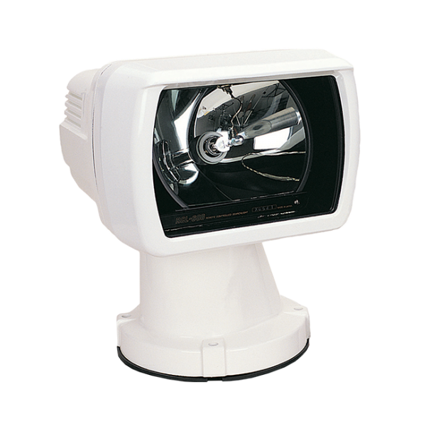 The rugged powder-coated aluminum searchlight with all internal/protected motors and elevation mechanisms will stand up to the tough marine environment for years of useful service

==

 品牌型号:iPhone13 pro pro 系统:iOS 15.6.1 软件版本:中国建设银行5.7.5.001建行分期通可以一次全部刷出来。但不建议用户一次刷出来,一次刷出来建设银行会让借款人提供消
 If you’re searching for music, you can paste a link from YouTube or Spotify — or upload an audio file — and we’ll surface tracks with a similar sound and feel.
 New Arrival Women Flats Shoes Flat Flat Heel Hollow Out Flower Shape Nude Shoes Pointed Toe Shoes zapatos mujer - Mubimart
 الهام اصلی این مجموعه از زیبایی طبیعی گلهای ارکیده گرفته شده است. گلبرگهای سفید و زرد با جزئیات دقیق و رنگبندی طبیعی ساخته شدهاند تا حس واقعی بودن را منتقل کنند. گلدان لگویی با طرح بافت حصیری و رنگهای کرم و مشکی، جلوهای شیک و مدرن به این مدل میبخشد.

...

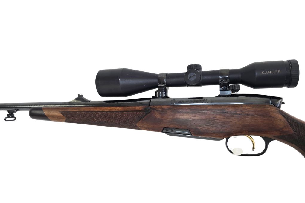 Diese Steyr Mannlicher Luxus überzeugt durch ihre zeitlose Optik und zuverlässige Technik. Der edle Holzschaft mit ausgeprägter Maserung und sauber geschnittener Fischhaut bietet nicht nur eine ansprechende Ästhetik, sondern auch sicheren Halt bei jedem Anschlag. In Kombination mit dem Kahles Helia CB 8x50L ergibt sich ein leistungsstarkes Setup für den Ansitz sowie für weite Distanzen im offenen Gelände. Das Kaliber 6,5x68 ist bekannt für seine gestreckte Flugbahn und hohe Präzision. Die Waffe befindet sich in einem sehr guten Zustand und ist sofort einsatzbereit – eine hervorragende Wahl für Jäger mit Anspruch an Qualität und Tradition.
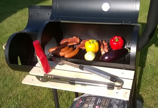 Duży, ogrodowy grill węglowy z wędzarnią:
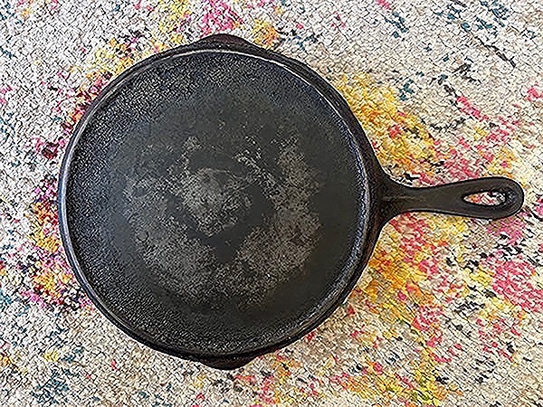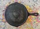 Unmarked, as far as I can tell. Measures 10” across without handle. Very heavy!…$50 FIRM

WHAT TO PRODUCE:
Only the lines above from the line containing "New Arrival Women" through the line containing "الهام اصلی این" should be retyped, exactly and with both ends included.

RESPONSE FOR THIS EXERCISE:
 New Arrival Women Flats Shoes Flat Flat Heel Hollow Out Flower Shape Nude Shoes Pointed Toe Shoes zapatos mujer - Mubimart
 الهام اصلی این مجموعه از زیبایی طبیعی گلهای ارکیده گرفته شده است. گلبرگهای سفید و زرد با جزئیات دقیق و رنگبندی طبیعی ساخته شدهاند تا حس واقعی بودن را منتقل کنند. گلدان لگویی با طرح بافت حصیری و رنگهای کرم و مشکی، جلوهای شیک و مدرن به این مدل میبخشد.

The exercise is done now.